The classic danger signs for any addict is being hungry, angry, lonely, or bored. For me, add to this: complacency. The sense of being whelmed with problems (and it would only take one or two) almost always leads to feelings of disappointment for me. It brings a lack of confidence and ultimately a resolve to hit the "F*** it switch." I become lazy and convince myself that nothing really matters and I lose track so easily of any goals or plans. This was exactly what was happening. No photo work, meetings were becoming boring, and my interest in any deeper understanding of my relationship with a greater power was diminishing.

Norman Fox

But I woke one Sunday morning and reliably the rain had stopped! The sounds of kids playing outside for the first time in many weeks meant that spring had arrived.

But even so, halfway through that first beautiful day I was still lying on my couch, dozing off-and-on, arguing with myself. How was it, I asked myself, that after so many months of not being able to practice my passion for photography, I could so easily derail myself into squandering such a glorious day by lying on the couch, doing nothing of value? I tried laughing about it and eventually convinced myself that it meant nothing. “Tomorrow's another day,” I told myself.

Near the end of that afternoon there was a brief moment of clarity as I looked back over the last two years.

Suddenly, the techniques of camera work and the spiritual principles of my sobriety all seemed to merge together. I started to see that what I had thought was a journey, was not that at all. I had the truth in my hand. Searching for the right image, the amazing image and the right job and the right relationship was truly the nature of my next relapse. My perspective had changed.

I had to get outside. It was almost seven in the evening when I grabbed my camera and headed for the door. My plan was simple walks around the block, starting with my own alley, take a few shots and return home: Baby steps.

I got as far as the end of my lane when my eyes and my nose caught the first lilac flowers of the year. The purple color was glowing and its perfume hung romantically in the air. “This is the shot,” I thought.

I filled the camera's frame with my neighbors’ beautiful old heritage house and the 1950s' cedar fence.

Suddenly, right there in the middle of the frame was my beautiful tabby cat, Max. He had seen me from the deck, and raced down three sets of stairs, leapt over two fences, and he had landed squarely in the middle of the shot.

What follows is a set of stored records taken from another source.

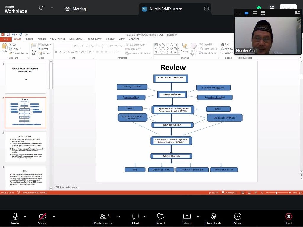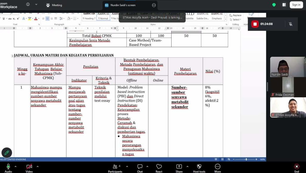 STIKes Assyifa Aceh – STIKes Assyifa Aceh melaksanakan kegiatan Pendampingan Penyusunan Kurikulum Berbasis Outcome Based Education (OBE) bersama Prof. Dr. Nurdin Saidi, M.Si dari Universitas Syiah Kuala (USK) melalui platform Zoom Meeting.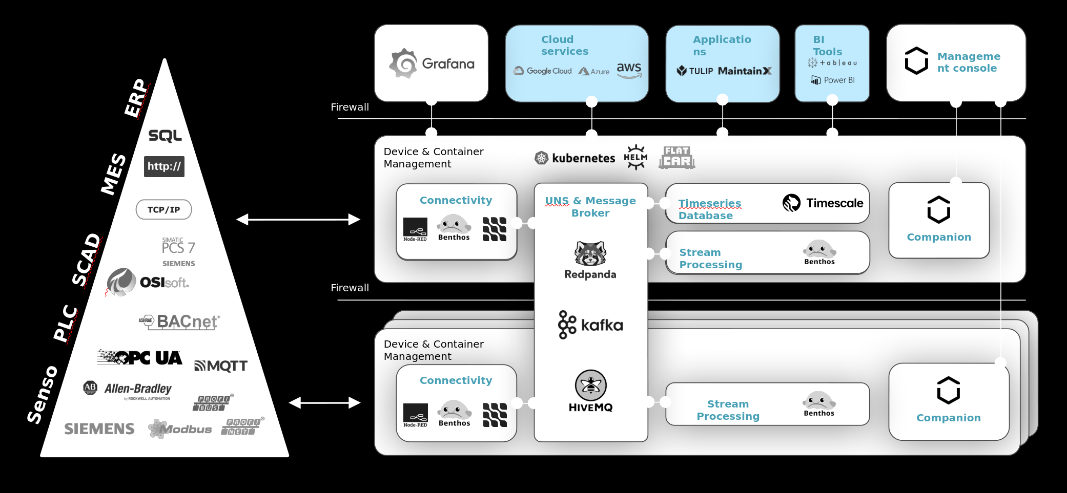 To counter this, the traditional solution in OT is to set up one or in the Purdue Enterprise Reference Architecture (PERA) even multiple demilitarized zones separated by firewalls. In the image below, the various layers of the automation pyramid (also called Purdue model) are separated by such firewalls. Unfortunately, these barriers make connecting the lower levels to the cloud much more difficult, often requiring multiple jump hosts, VPNs, or sometimes a combination of both. Therefore, it is made practically impossible to connect there, and usually OT engineers prefer a physical connection on the the factory floor itself.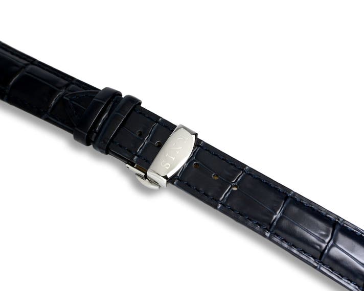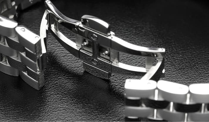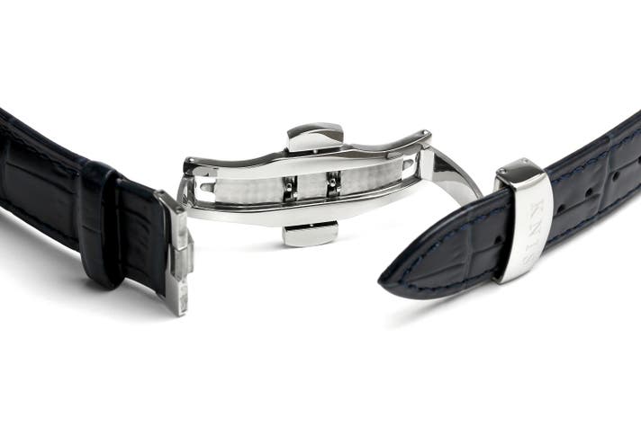観音開きタイプのDバックルは、見た目が美しく高級感漂います。高級時計のレザーストラップに限って使われるDバックルを装備することにより、着脱のストラップへのダメージを抑えつつ、滑落を防ぐ事ができます。
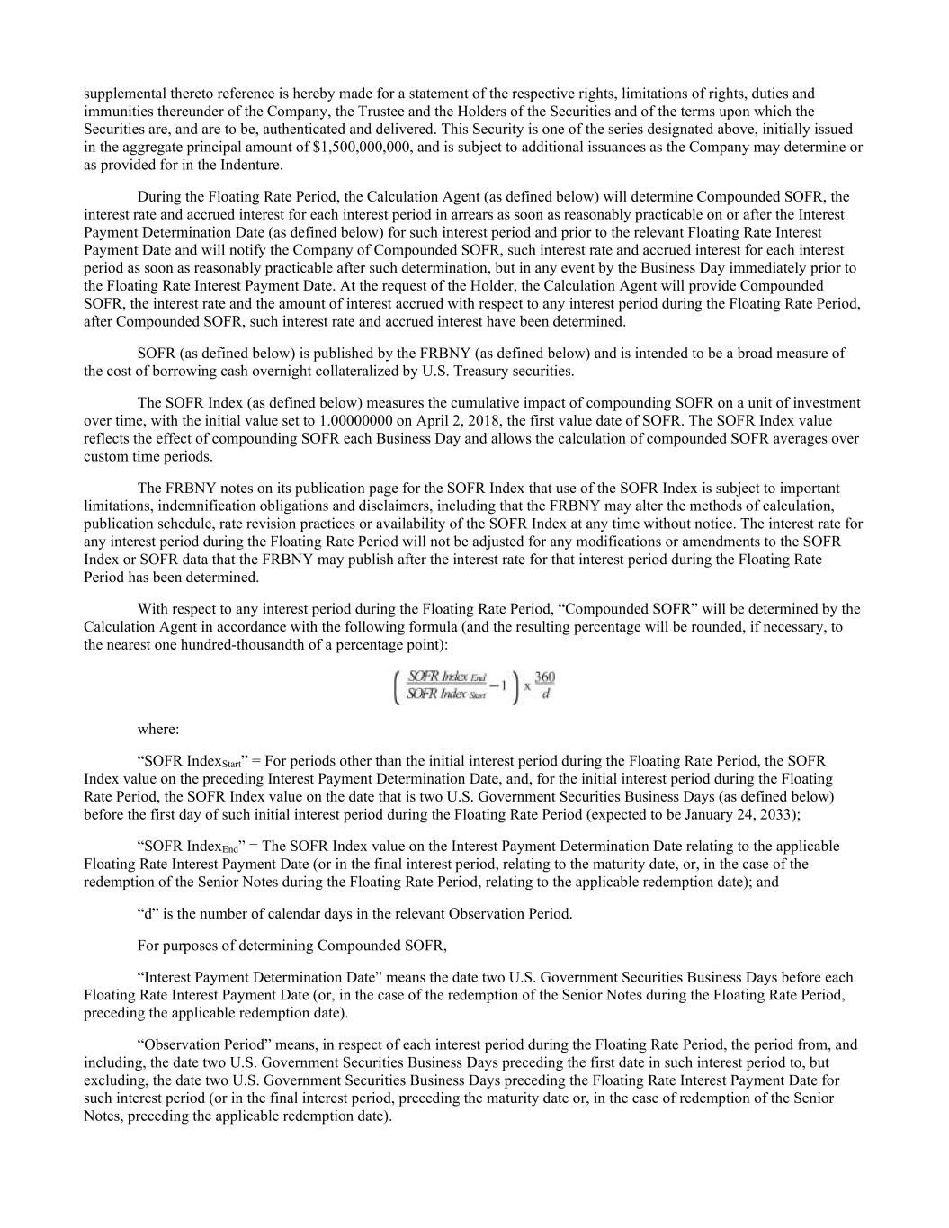 supplemental thereto reference is hereby made for a statement of the respective rights, limitations of rights, duties and immunities thereunder of the Company, the Trustee and the Holders of the Securities and of the terms upon which the Securities are, and are to be, authenticated and delivered. This Security is one of the series designated above, initially issued in the aggregate principal amount of $1,500,000,000, and is subject to additional issuances as the Company may determine or as provided for in the Indenture. During the Floating Rate Period, the Calculation Agent (as defined below) will determine Compounded SOFR, the interest rate and accrued interest for each interest period in arrears as soon as reasonably practicable on or after the Interest Payment Determination Date (as defined below) for such interest period and prior to the relevant Floating Rate Interest Payment Date and will notify the Company of Compounded SOFR, such interest rate and accrued interest for each interest period as soon as reasonably practicable after such determination, but in any event by the Business Day immediately prior to the Floating Rate Interest Payment Date. At the request of the Holder, the Calculation Agent will provide Compounded SOFR, the interest rate and the amount of interest accrued with respect to any interest period during the Floating Rate Period, after Compounded SOFR, such interest rate and accrued interest have been determined. SOFR (as defined below) is published by the FRBNY (as defined below) and is intended to be a broad measure of the cost of borrowing cash overnight collateralized by U.S. Treasury securities. The SOFR Index (as defined below) measures the cumulative impact of compounding SOFR on a unit of investment over time, with the initial value set to 1.00000000 on April 2, 2018, the first value date of SOFR. The SOFR Index value reflects the effect of compounding SOFR each Business Day and allows the calculation of compounded SOFR averages over custom time periods. The FRBNY notes on its publication page for the SOFR Index that use of the SOFR Index is subject to important limitations, indemnification obligations and disclaimers, including that the FRBNY may alter the methods of calculation, publication schedule, rate revision practices or availability of the SOFR Index at any time without notice. The interest rate for any interest period during the Floating Rate Period will not be adjusted for any modifications or amendments to the SOFR Index or SOFR data that the FRBNY may publish after the interest rate for that interest period during the Floating Rate Period has been determined. With respect to any interest period during the Floating Rate Period, “Compounded SOFR” will be determined by the Calculation Agent in accordance with the following formula (and the resulting percentage will be rounded, if necessary, to the nearest one hundred-thousandth of a percentage point): where: “SOFR IndexStart” = For periods other than the initial interest period during the Floating Rate Period, the SOFR Index value on the preceding Interest Payment Determination Date, and, for the initial interest period during the Floating Rate Period, the SOFR Index value on the date that is two U.S. Government Securities Business Days (as defined below) before the first day of such initial interest period during the Floating Rate Period (expected to be January 24, 2033); “SOFR IndexEnd” = The SOFR Index value on the Interest Payment Determination Date relating to the applicable Floating Rate Interest Payment Date (or in the final interest period, relating to the maturity date, or, in the case of the redemption of the Senior Notes during the Floating Rate Period, relating to the applicable redemption date); and “d” is the number of calendar days in the relevant Observation Period. For purposes of determining Compounded SOFR, “Interest Payment Determination Date” means the date two U.S. Government Securities Business Days before each Floating Rate Interest Payment Date (or, in the case of the redemption of the Senior Notes during the Floating Rate Period, preceding the applicable redemption date). “Observation Period” means, in respect of each interest period during the Floating Rate Period, the period from, and including, the date two U.S. Government Securities Business Days preceding the first date in such interest period to, but excluding, the date two U.S. Government Securities Business Days preceding the Floating Rate Interest Payment Date for such interest period (or in the final interest period, preceding the maturity date or, in the case of redemption of the Senior Notes, preceding the applicable redemption date).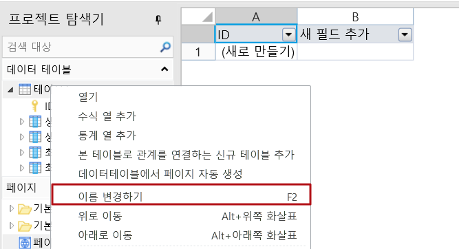 방법 2.데이터 테이블을 선택하고 마우스 오른쪽 버튼을 클릭하고 팝업 메뉴에서 [이름 변경하기]를 선택하여 데이터 테이블의 이름을 바꿉니다.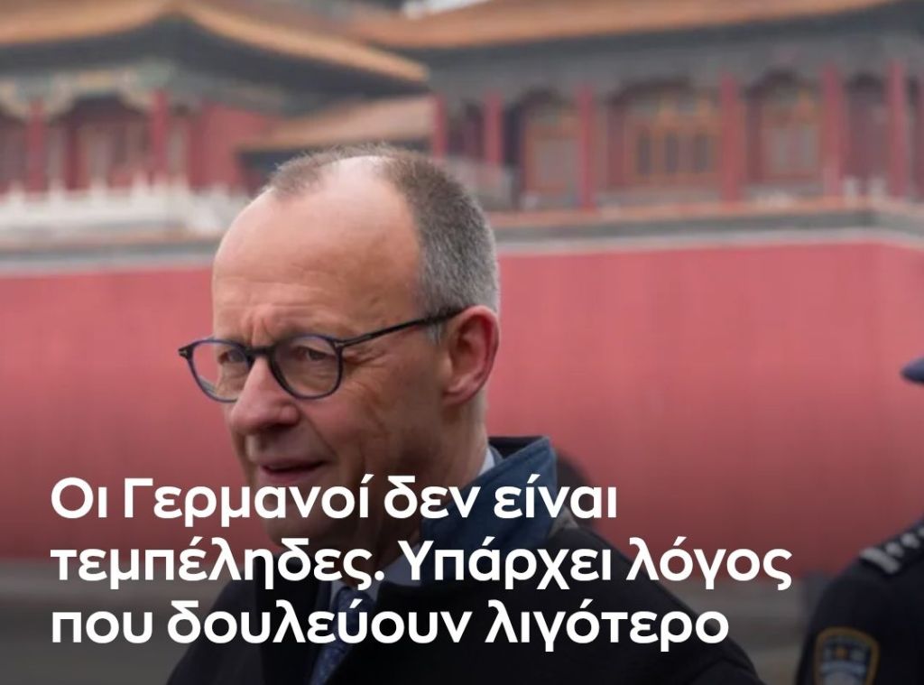 Ο καγκελάριος της Γερμανίας, Φρίντριχ Μερτς (Friedrich Merz) φαίνεται πως πήρε τουλάχιστον ένα σημαντικό μάθημα από την πρόσφατη επίσκεψή του στην Κίνα: Πιστεύει ότι οι Γερμανοί δεν εργάζονται αρκετά. Ίσως, κατά την άποψή του, αυτό συμβαίνει επειδή οι εργαζόμενοι δεν έχουν τα κατάλληλα οικονομικά κίνητρα.

An hour later, I was home and at the computer reviewing the images when Max came up on the screen. I laughed and I think I even cried a little. The more I stared at his eyes, the clearer his importance in my life became. I certainly loved the cat and I enjoyed his independence, that he was always around and how he always seemed happy when I returned home (even if it just meant a new dish of food or a combing). But something else was there.

There was a challenging wisdom in his eyes. And pride. His eyes connected us and it was just a remarkable thing. 

Norman Fox

So what had I done to find such a joyful, satisfying picture that, to this day, remains among the most popular of my images with the public and serious photography collectors?

There was no struggle. I hadn’t coaxed the cat out of the house. In fact, he had never before followed me outdoors. I simply pointed my camera and paused just long enough before releasing the button. The focus, the colors and the exposure, even the subject, all fell into play as if it were all meant to be.

Four months later, and after a lot of legwork pedaling my images around town, I had my first show and it was a huge success. I sold nearly all of my prints and quickly moved on to my next.

Today, I am approaching six years of sobriety. My photographs are selling very well: Nothing brings me more satisfaction than sharing the true stories behind each of them. My children and I have a wonderful, loving relationship. Together, we weathered and survived all of that which I thought would be forever lost.

And I found the hobby I needed: working in a homeless shelter in my neighborhood helping the same people I once used drugs with, ran from, and was robbed by.

Norman Fox is a writer and photographer based in Canada.